Researchers at Dartmouth’s and Dartmouth-Hitchcock’s Norris Cotton Cancer Center (NCCC), USA, hope to make oestrogen therapy a more accessible treatment option for breast cancer patients who could benefit from it.
Anti-oestrogen treatments, which block growth signals from oestrogen receptors (ER) in tumours, are effective treatments for ER breast cancer.
But it is common for breast tumours to become resistant to anti-oestrogen treatments over time.
The research team, led by molecular biologist Todd Miller, PhD, and Nicole Traphagen, a PhD candidate in the Miller Laboratory, found that in mice, cycling between oestrogen treatment and anti-oestrogen treatment at a specific point in time can dramatically increase the duration of tumour regression.
The team’s unconventional approach has exciting implications for breast cancer patients by suggesting that treating short-term with oestrogen before anti-oestrogen therapy resistance occurs, and then switching back to a more standard anti-oestrogen therapy can better control tumour growth long-term.
Traphagen and Miller have newly published their findings, entitled “High oestrogen receptor alpha activation confers resistance to oestrogen deprivation and is required for therapeutic response to oestrogen in breast cancer,” in Oncogene.
“Although we typically think of oestrogens as feeding breast cancer growth, treatment with oestrogens can induce tumour regression in some patients with anti-oestrogen resistant breast tumours,” says Miller.
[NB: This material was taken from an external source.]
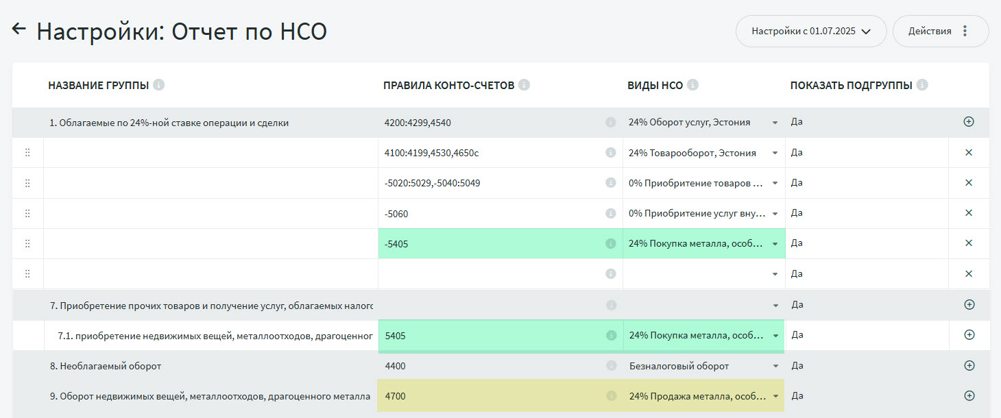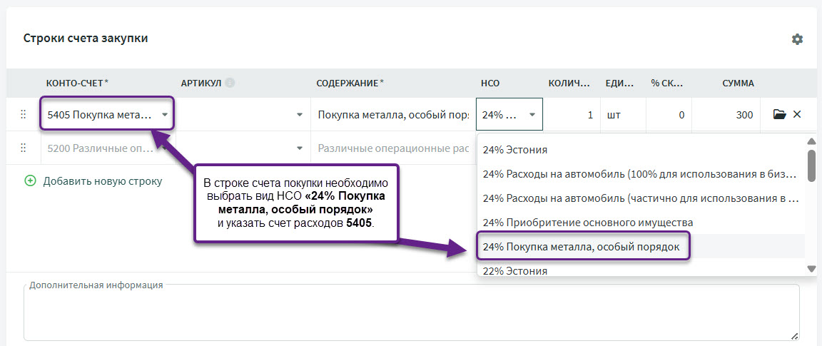 ● Для отражения покупки металлических изделий создан счет расходов «5405 Покупка металла, особый порядок (ст. 41 прим. 1 ЗНС) (обратное налогооблажение)». Также в счете закупки необходимо использовать вид НСО «24% Покупка металла, особый порядок».Поскольку данные в отчете по НСО формируются на основании конто-счета + вида НСО, при покупке металлов можно использовать и другие конто-счета расходов. В таком случае необходимый конто-счет расходов нужно самостоятельно добавить в настройки отчета.

Even though oestrogen treatment is effective in some patients, oestrogen therapy is rarely used.
An ongoing clinical trial at NCCC (POLLY; NCT0218875) will determine whether the strategy of cycling between oestrogen therapy and anti-oestrogen therapies is effective in human patients with advanced breast cancer.
“Tumours that initially respond to oestrogen therapy eventually develop resistance to it by decreasing the amount of oestrogen receptors in the tumour cells.
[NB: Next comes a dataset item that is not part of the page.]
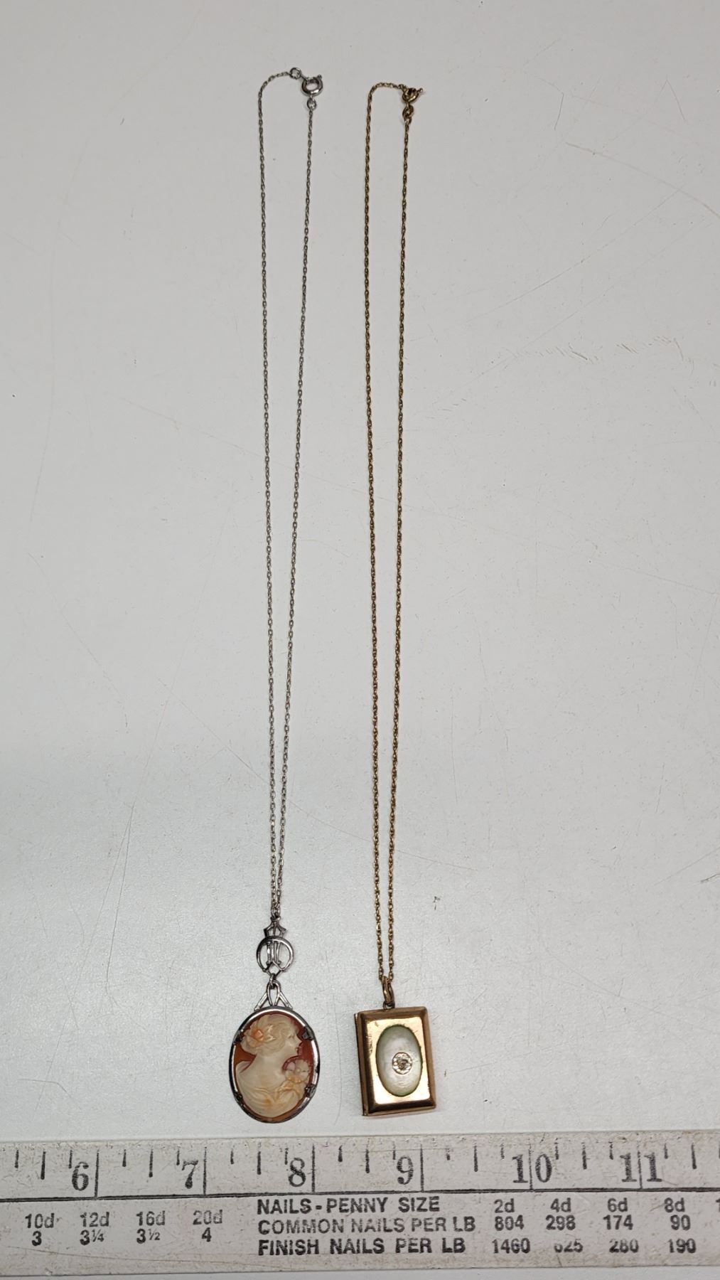 2 Necklaces, cameo - chain with locket, 10K gold - very old

Once these tumours become resistant to oestrogen therapy, they can be successfully treated with anti-oestrogen therapies,” says Traphagen.
“This finding suggests that treatment with oestrogen can re-sensitise patients’ tumours to anti-oestrogen therapies, even if those tumours had previously acquired resistance to anti-oestrogen treatments.”
Miller and Traphagen will also study the molecular characteristics of breast cells that respond to oestrogen therapy.
The goal is to use this information to predict and improve the selection of patients who may respond to oestrogen therapy and inform the development of new drug combinations to optimise the anti-cancer effects of oestrogen therapy.